# Higher Ups



## Plumberman (Jul 7, 2008)

Had to change a hot water circulation pump in a paper mill today. Went through all the red tape to get in, test,vechile checks the works. Finally got into to go to work. The guy takes me in the room where the heater is set and I almost hit the floor! This thing is in bad shape. They have tied stainless lines onto the tank, along with copper. No dielectic unions. Electroylis has set in on a major scale. The outer shell of the tank is rotting out. I can stick my finger through the metal and touch the interior of the tank. Gas fired 100gal commercial rudd heater. Installed in 04. The relief valve was broken and the tempature was on up there on the discharge side, they had it bumped way up. We had to lock the dissconnect out for the pump and I valved off the heater. Locked the gas out too. I wanted to condem it.
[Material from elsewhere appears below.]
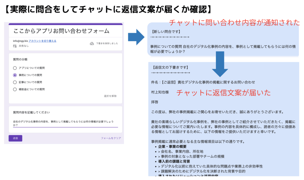 GoogleFormに問い合わせが来たら、回答文面を作ってチャットに通知するのを試してみる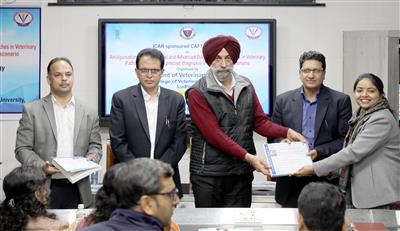 Ludhiana 19 February 2026-The 21 CAFT training programme entitled Amalgamation of Conventional and Advanced Diagnostic Approaches in Veterinary Pathology: A Key to Precise Diagnosis in an Evolving Scenario in Veterinary Pathology sponsored by Indian Council of Agricultural Research, New Delhi was successfully completed at Guru Angad Dev Veterinary and Animal Sciences University (GADVASU). The training was held from January 28 to February 17, 2026. The training drew enthusiastic participation from trainees across India. Participants from 11 states attended the programme, where they received comprehensive exposure to both conventional and advanced diagnostic techniques in veterinary pathology. Dean, Post Graduate studies and Dean, COVS, Ludhiana presided over the valedictory function where they released the compendium and distributed the completion certificate to the participants.

The higher ups had other ideas.:furious: They agreed that we needed to change the t&p valve and make "it safe" I told them that they needed a new heater.... like yesterday. Of course that didnt go too well. I also let them know that if the heater isnt replaced then they have a huge liability on their hands. Asked them if they saw the episode of Myth Busters when they blew up water heaters. I think the 50s flew about 300ft in the air and demolished the building they built around it, no telling what a 100 would do. I left my locks on it and told them that I would be back tom. to see what they wanted to do. Im sure they just want the t&p replaced but they have other issues as well. I didnt make too many friends today but it comes down to the fact that my company will not be liable for what happens to the heater. I have told them the situations and had them sign it. I want remove my locks untill they make me. I also told them if I was to bring this heater back up without the relief valve working and the heater exploded, I could never live with myself. They said they will take that into consideration.


----------



## Ron (Jun 12, 2008)

Make sure you charge them every single minute it took for you to get in the door.


----------



## service guy (Jun 26, 2008)

Cheap jerks....stick to your guns, you are the professional, you make the call. You handled it well, if they don't like your opinion, they can get someone else to jerry-rig it and then when it blows, its their liability, not yours.


----------



## Bill (Jun 17, 2008)

Thats right. Some people just dont want to hear the "Safe" way to do things, they want cheap! BTW, I did see the mythbusters water heater episode. Amazing what it can do!


----------



## jeffc (Jul 8, 2008)

Bravo for you to tell them the truth and not bow to pressure. If they think your wrong tell em to google water heater or boiler explosion and they will find out what your talkin' about


----------



## bobdog (Jun 18, 2008)

possibly take it up with the plant safety officer or safety director, union shop steward,as it regards to working conditions, etc. I deal with the same issues in plants and manufactories, and try to reason with someone higher up the totem pole, documenting all along the way.


----------



## PaulW (Jul 31, 2008)

Have the local code enforcement make a courtesy call. 
I once walked into a home for disabled children and the place was disgusting. I saw crippled children laying on urine soaked mattresses on the floor. I was horrified at what I saw. I completed my service call and as I was pulling out of the driveway I alerted the authorities and they arrested the owners. 
Paul


----------



## Plumberman (Jul 7, 2008)

We installed a new t&p.... They brought the heater up. I wanted no part of it.


----------